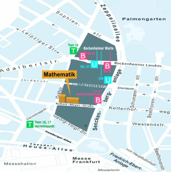 Take underground line U4 direction "Bockenheimer Warte" and get off at the final station "Bockenheimer Warte".
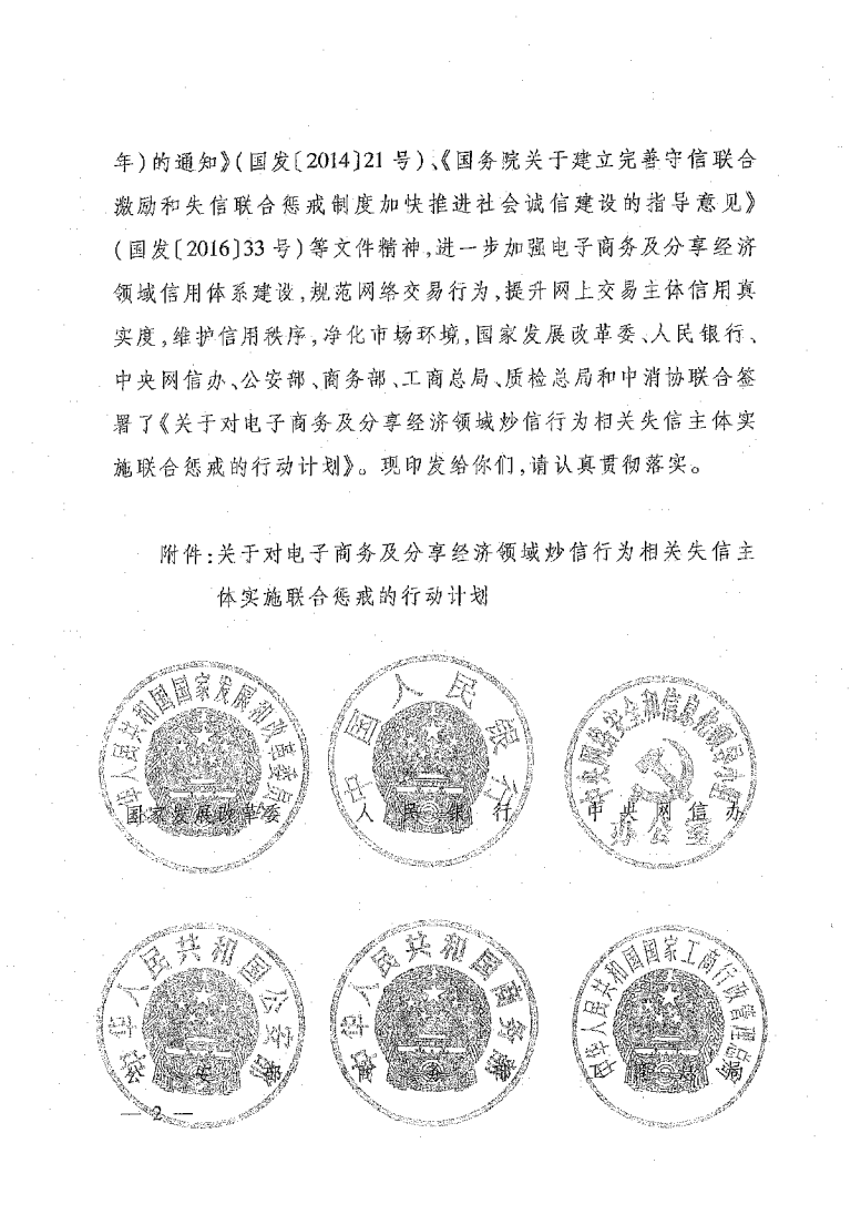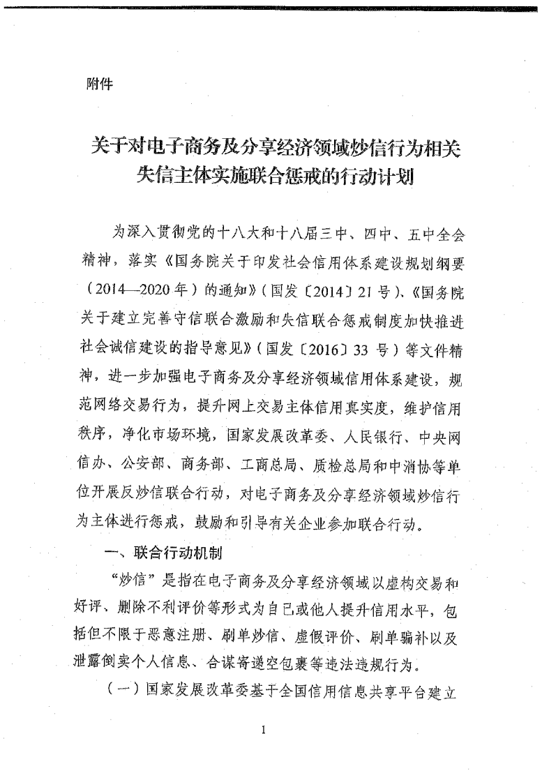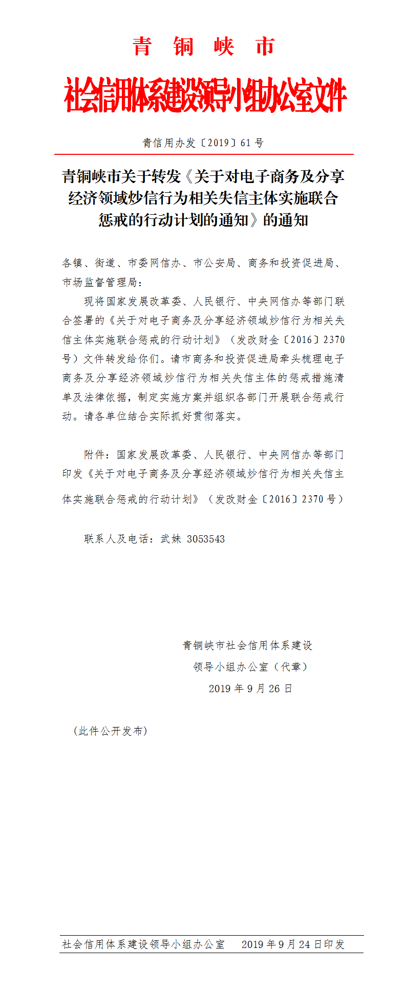 青铜峡市关于转发《关于对电子商务及分享经济领域炒信行为相关失信主体实施联合惩戒的行动计划的通知》的通知
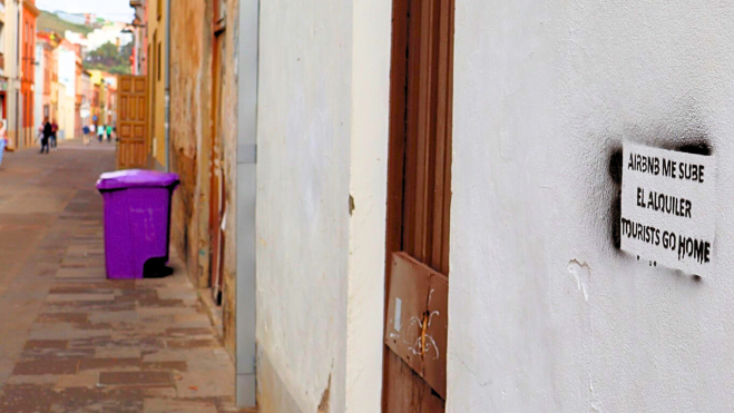 En una calle de San Cristóbal de La Laguna una pintada dice “Airbnb me sube el alquiler. Turist go home” y días antes de la manifestación dos ecologistas también irrumpieron en un acto hotelero. Para Pablo Díaz este clima de cuestionamiento del modelo turístico deriva de una mala gestión del territorio desde el punto de vista turístico. “Cuanto más masificado, más se van a ver estas situaciones de poblaciones locales que no se sientan implicados en el desarrollo de su territorio”, explica el antropólogo.
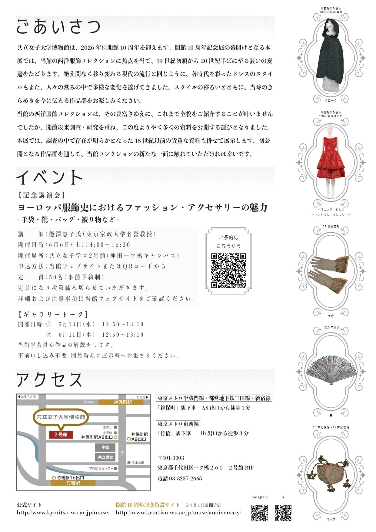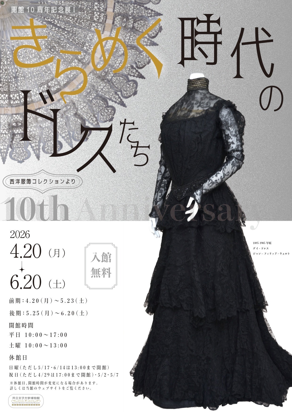▼開館10周年記念展Ⅰ「きらめく時代のドレスたち―西洋服飾コレクションより―」ちらし

**GOAL OF THE EXERCISE:**
A word-for-word copy of all the data is required, minus the pictures.

**TASK RESULT:**
 Take underground line U4 direction "Bockenheimer Warte" and get off at the final station "Bockenheimer Warte".
 青铜峡市关于转发《关于对电子商务及分享经济领域炒信行为相关失信主体实施联合惩戒的行动计划的通知》的通知
 En una calle de San Cristóbal de La Laguna una pintada dice “Airbnb me sube el alquiler. Turist go home” y días antes de la manifestación dos ecologistas también irrumpieron en un acto hotelero. Para Pablo Díaz este clima de cuestionamiento del modelo turístico deriva de una mala gestión del territorio desde el punto de vista turístico. “Cuanto más masificado, más se van a ver estas situaciones de poblaciones locales que no se sientan implicados en el desarrollo de su territorio”, explica el antropólogo.
▼開館10周年記念展Ⅰ「きらめく時代のドレスたち―西洋服飾コレクションより―」ちらし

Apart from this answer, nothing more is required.